Na multidão, um grupo de professoras do agrupamento de Pedrouços partilhava uma camisola única. Nas cabeças usavam bandeiras de Portugal. Ana Freire, colega do grupo e professora desde 2008 explicou o simbolismo da indumentária peculiar.
“A camisola é a união. Estamos todos a vestir a mesma camisola, a da escola pública”, afirmou. Para a professora de 37 anos, tem-se assistido a um verdadeiro despertar de uma classe profissional. “Felizmente, o gigante acordou. A classe docente estava completamente adormecida”, desabafou.
Um pouco atrás, Mónica Silva, de 42 anos, professora há 18, fez-se acompanhar pelos filhos. Eles também são uma das razões para ter estado presente. “Eles [os filhos] são a minha contribuição para o mundo e eu quero que eles tenham o melhor possível. Que façam deste país o melhor sítio possível”, afirmou. Ao lado, Alice, de 13 anos, sente que é “muito importante” estar na greve com a mãe. “Não se formam novas pessoas sem uma boa base. A educação é essencial para que este país cresça”, disse.
“A função da escola não é [ser] um depósito de crianças”
Isabel Pinheiro é professora há mais de 26 anos e, actualmente, é professora em Paredes. Acredita que “a cada ano que passa é mais desmotivador” ser professor. “Hoje em dia, só é professor mesmo quem gosta e tem dedicação. É mesmo por paixão”, desabafou.
Sobre as queixas dos pais que pediram que o tempo de greve fosse compensado com aulas extraordinárias, Isabel pensa que os pais têm de perceber o lado dos professores. “Um professor motivado é completamente diferente de um professor desmotivado”, considera.

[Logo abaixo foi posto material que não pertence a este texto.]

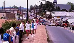 At Cape Girardeau, the route crossed the Mississippi again, then roughly followed the river's east bank through southern Illinois, Kentucky, and Tennessee.[77] Kentucky's segment included Ryan's Hope stars Christopher Durham and Malcolm Groome in Bardwell and Clinton, respectively, and Mel McDaniel and Peter Fonda at the Tennessee state line in Fulton.[78] The official midpoint of the line was in Ripley, Tennessee, where 14,000 people gathered along a three-mile stretch of U.S. Route 51 alongside Judy Collins, Brenda Lee, the Marshall Tucker Band,[79] Lynn Anderson,[2] Terri Gibbs, and General Hospital's André Landzaat.[80][81]
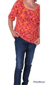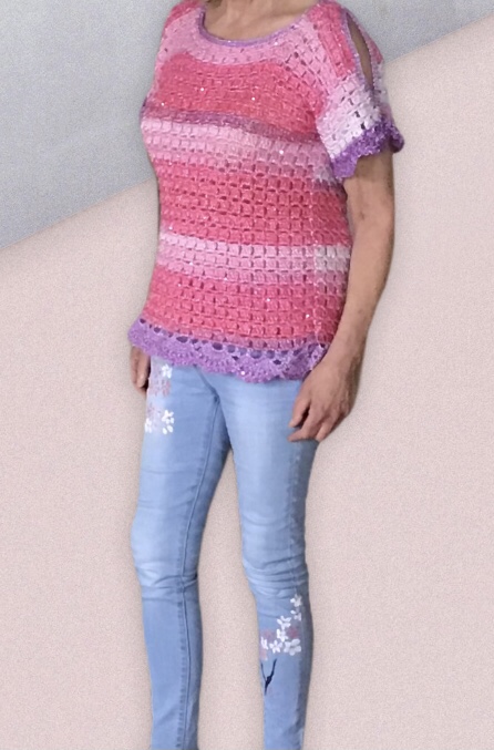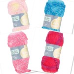 Ik heb dit truitje gehaakt met 5 bollen Variety Sequins van de Action op Nld 3,5. Dit is voldoende voor alle maten, bij de kleinere maten hou je een flinke rest over. Je kunt met elk verloopgaren geschikt voor Nld 3 tot 4 haken, of met katoen. Let wel op de meters, dit garen is 240 m per bol.

Ana Paula Brito, apesar de ser natural de Viseu e exercer em Viatodos - freguesia do concelho de Barcelos - marcou presença nos Aliados. Para a professora, os serviços mínimos servem apenas de distracção para os pais: “Isto dos serviços mínimos é só mais uma manobra de diversão para o governo agradar de certa forma os pais e enganar a sociedade.” Ana Paula defendeu ainda que os pais devem perceber que o objectivo da escola é “transmitir conhecimento”. “Os pais têm de perceber que a função da escola não é [ser] um depósito de crianças. É dar conhecimento aos alunos”, defendeu.
Quinta ronda de negociações foi adiada
Apesar de estar prevista uma nova ronda de negociações entre o Ministério da Educação e os sindicatos de professores para o final desta semana, as reuniões foram adiadas para 15 e 17 de Fevereiro.
Mário Nogueira condena a decisão: “É pena que o ministério não tenha marcado a reunião para sexta ou sábado. Mas é sinal de que não deve ter grande coisa para apresentar aos professores.” No entanto, assegurou a resiliência da classe profissional em defender os seus interesses. “Nunca desistiremos de negociar, nunca deixaremos de lá estar”, assegurou aos jornalistas.
No final da última greve distrital, o secretário-geral da Fenprof confirmou que o fim do ciclo não significa que não se vão fazer mais greves: “Sim, estão mais greves em cima da mesa. Estão mais manifestações em cima da mesa.”
Entre os cânticos por respeito, dignidade e valorização da carreira, os professores também asseguraram que não vão baixar os braços. Mónica Silva disse ver “uma união muito grande entre os professores” e acredita “que a maioria quer continuar”. Já Ana Paula sublinhou que a resistência vai continuar: “Vamos a todas, não vamos parar.”